The Vernam cipher has historically found widespread use, most noticeably during the Cold War: Soviet spies employed a version of the Vernam cipher using predeployed keys scrawled on note pads, earning this cryptosystem the moniker one-time pad. Likely due to the logistical difficulties of keeping unused, cryptographic-grade random keys around, the Soviets eventually re-used some their key material under the watchful eyes of U.S. and British signals intelligence, enabling some of their communications to be broken. Generating long, truly random keys is also hard: pseudo-random number generators, regardless of quality, churn out deterministic key streams that can in principle be broken. Natural sources of unbiased, independent bits, like noise from electronic circuits or radioactive decays, are ideal but generally not readily (or safely) available in sufficient supply to encrypt arbitrarily long messages, hence the modern proliferation of theoretically insecure but much more practical encryption methods like block ciphers.

Given the obstacles to achieving perfect secrecy in practice, let’s back away from the hard requirement that $H(M|E) = H(M)$ and examine instead the conditions under which ideal secrecy is attained.

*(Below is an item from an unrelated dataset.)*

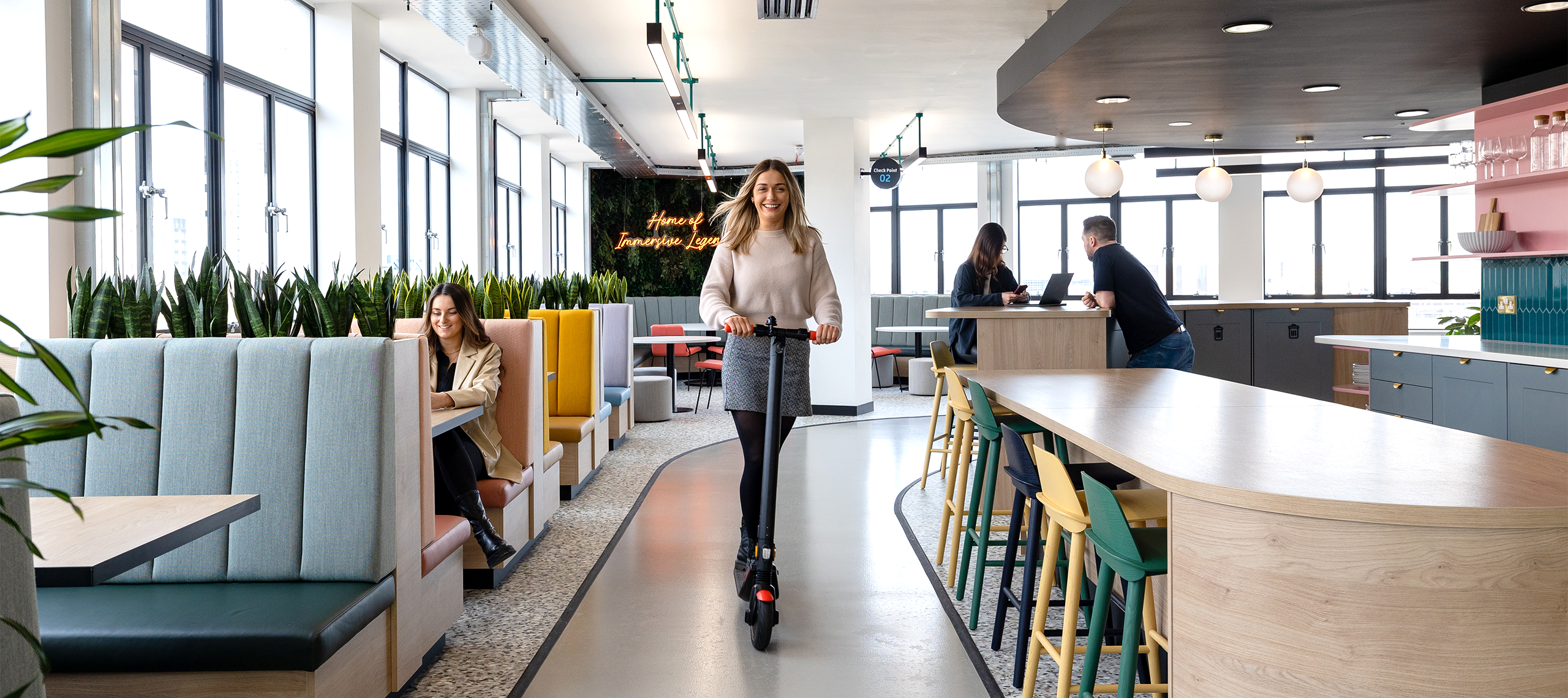 Immersive Labs challenged us to design and build a workspace matching their ambition, energy and commitment to their people. The result? The Immersive Playground – a multisensory home for their “Immersive Legends”.

Here, though $H(M|E)$ is a decreasing function of $n$, the unicity distance is never reached: $U > n$. This is our new requirement.

#### $1 < H(M|E) < H(M)$: not perfect, but it should do

To understand the general characteristics of ciphers that exhibit ideal secrecy, we will compute the unicity distance of a model cipher called the random cipher [1,5]. The random cipher works as follows: given a ciphertext, $E_i$, and key, $K_k$, the ciphertext decrypts to some message, $M_j$, uniformly distributed across the space of all messages. Since $M_j$ is not determined uniquely by the pair $(E_i,K_k)$, the random cipher is really a whole ensemble of ciphers. This means we can apply statistics to the ensemble to model the unicity distance of a general cipher.

First, let’s examine the message space. We mentioned earlier that there are many more meaningless than meaningful messages in English8. Formally, if there are $N$ letters in a particular alphabet, then there are $N^{L} = 2^{R_0L}$ different $L$-letter sequences possible, where $R_0= \log_2 N$. The quantity $R_0$ is the entropy per letter of the “language” where each character has the same probability of occurrence, $p=1/N$. Entropy is maximized for such a language. Meanwhile, of all possible messages, a smaller number $2^{RL}$ will actually be meaningful in English, where $R$ is the entropy per letter, $H(M)/L$, of English. Because the letters in this restricted space of meaningful English sentences do not appear with equal probability, $R$ is smaller than $R_0$: with $N = 26$, we find $R_0 =4.7$ bits/letter, whereas $R$ is estimated to be around only $2.6$ bits/letter for 8-letter chunks of English, and $1.3$ bits/letter for more sizable chunks. $R$ is smaller than $R_0$ because the distribution of letters in English words is not random: per letter, there is less information on average in English.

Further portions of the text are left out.